🤖 AI Summary
In multi-agent reinforcement learning (MARL), decentralized execution under partial observability hinders effective coordination. To address this, we propose the Factorized Multi-Agent Transformer (f-MAT), which models local agent interactions as a dynamic graph structure. f-MAT introduces two novel mechanisms: factorized grouping—partitioning agents into task-relevant subsets—and overlapping graph attention—enabling scalable, context-aware message passing across overlapping neighborhoods. Crucially, it operates under decentralized execution constraints while supporting centralized training, fully compatible with the CTDE paradigm. The architecture enables efficient graph-based communication and parallel decision-making during both training and deployment.
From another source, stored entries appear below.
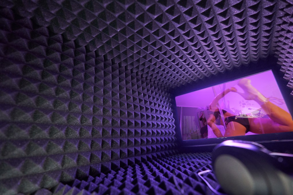 The installation was inspired by a dream of mine after six months of psychotherapy, trundling along through sorrow and anxiety. I dreamed of a “therapy section” with a pole dancer. So I recreated it, hoping to bring a movement of peace to whoever was suffering as well, “You are not alone, even when you are alone”.
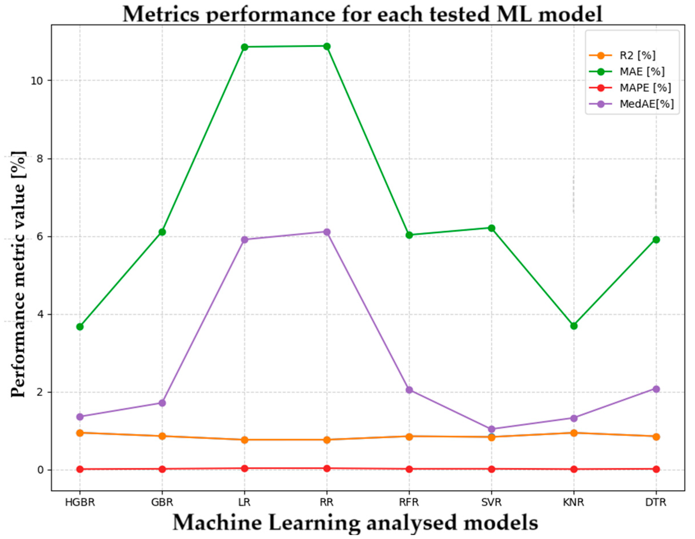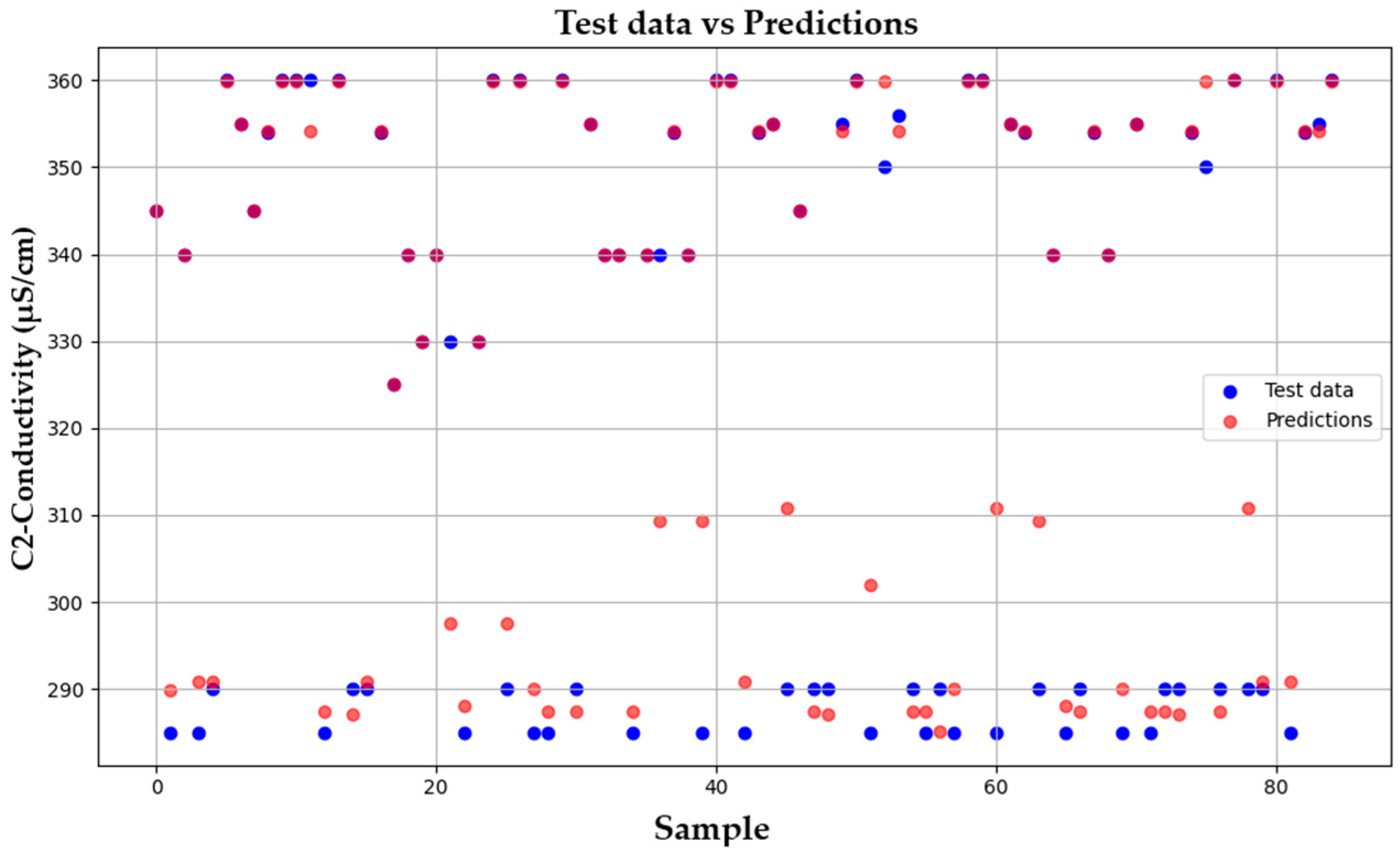 | Sensitivity analysis | Hyperparameters variations | ΔR2, ΔRMSE, ΔMAE, CV (%) | Moderate sensitivity: min_samples_leaf: CV = 2.65%, ΔR2 = 0.024 µS/cm; (Table 10) Moderate sensitivity: max_depth: CV = 2.36%; ΔRMSE = 0.243 µS/cm; (Table 11) Moderate sensitivity: max_bins: CV = 4.53%; ΔRMSE = 0.479 µS/cm; (Table 11) High sensitivity: min_samples_leaf: CV = 9.09%; ΔRMSE = 0.88 µS/cm; (Table 11) High sensitivity: min_samples_leaf: CV = 20.67% ΔMAE = 0.971 µS/cm; (Table 12) High sensitivity: max_bins: CV = 20.51%; ΔMAE = 1.026 µS/cm; (Table 12) |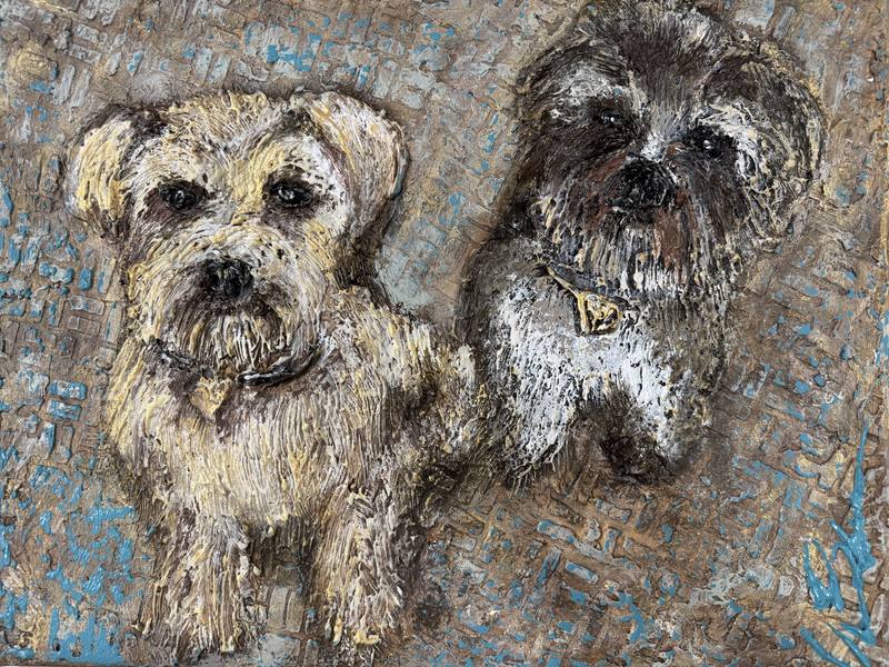 This piece features two endearing canine figures, capturing their distinct personalities through a blend of dynamic textures and a warm color palette. The composition highlights their expressive faces and soft fur, lending an inviting intimacy to the artwork. A golden hue intermingles with browns and whites, creating a structured yet layered depth that invites viewers to explore the details. The background, marked by a cooler mix of blues and neutral tones, enhances the focus on the dogs, drawing attention to their curious expressions. The tactile quality of the surface suggests a lively interaction, evoking emotions of affection and playfulness. Overall, the artwork resonates with warmth and charm, inviting admiration from viewers, particularly animal lovers and collectors alike.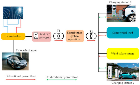 In general, they may have negative effects such as overload, unauthorized overloading of the transformer, line losses, and voltage imbalance on the network [6,7]. The authors, in reference [8], concluded that EVs as controllable loads lead to increased system efficiency and demand side management (DSM). Additionally, in reference [9], the authors conduct studies on EVs providing ancillary services, such as regulation and storage services. This is especially important for electrical energy systems in the presence of a high share of intermittent renewable energy sources, where system inertia is a crucial issue. Additionally, in reference [10], the authors have studied the integrated operation of EVs and renewable energy production in an intelligent distribution system. Authors in two references [11,12] discussed the objectives and types of EV charge and discharge management methods. Reference [13] examines the benefits of integrating EVs with the power grid. In [14], a one-day optimization framework for sustainable energy supply is proposed for an electric vehicle charging park and a hydrogen refueling station equipped with the power to provide hydrogen conversion facilities in a local multi-energy system. Additionally, in [15], the authors provide an instrumental description of the flexibility services at the distribution level that will be able to be supplied by EVs and their requirements. In [16], a comprehensive framework is proposed for the planning and development of mobile energy hubs based on the optimization of life cycle cost, access distance, and parking duration, considering the temporal variation in EV recharging demands. In [17], the authors focused on the issues that exist for the deployment of charging infrastructure. In another research work, the authors demonstrate that machine-learning-based classifiers can show insights about consumer behavior in 72 identified languages, including Chinese [18]. Finally, in reference [2], Kamran et al. investigate the connection of the Vehicle to the Grid (V2G), and the connection of the Grid to the Vehicle (G2V), and discuss different types of charging systems such as induction charging. According to the definition, V2G is a new concept that, as an energy storage technology, can bi-directionally enable the flow of electricity between the EV battery and the power grid [19].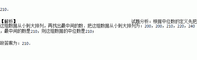 某中学生物兴趣小组调查了本地区几棵古树的生长年代,记录数据如下(单位:年):200,240,220,200,210.这组数据的中位数是__.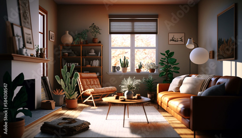 Fototapeta premium A living room that's warm and welcoming with earthy tones and natural...

Evaluated on networked control tasks—including traffic signal coordination and wireless power control—f-MAT consistently outperforms state-of-the-art baselines in performance, generalization across topologies, and system scalability, demonstrating robustness to varying agent counts and graph dynamics.
📝 Abstract
In multi-agent reinforcement learning, a commonly considered paradigm is centralized training with decentralized execution. However, in this framework, decentralized execution restricts the development of coordinated policies due to the local observation limitation. In this paper, we consider the cooperation among neighboring agents during execution and formulate their interactions as a graph. Thus, we introduce a novel encoder-decoder architecture named Factor-based Multi-Agent Transformer ($f$-MAT) that utilizes a transformer to enable communication between neighboring agents during both training and execution. By dividing agents into different overlapping groups and representing each group with a factor, $f$-MAT achieves efficient message passing and parallel action generation through factor-based attention layers. Empirical results in networked systems such as traffic scheduling and power control demonstrate that $f$-MAT achieves superior performance compared to strong baselines, thereby paving the way for handling complex collaborative problems.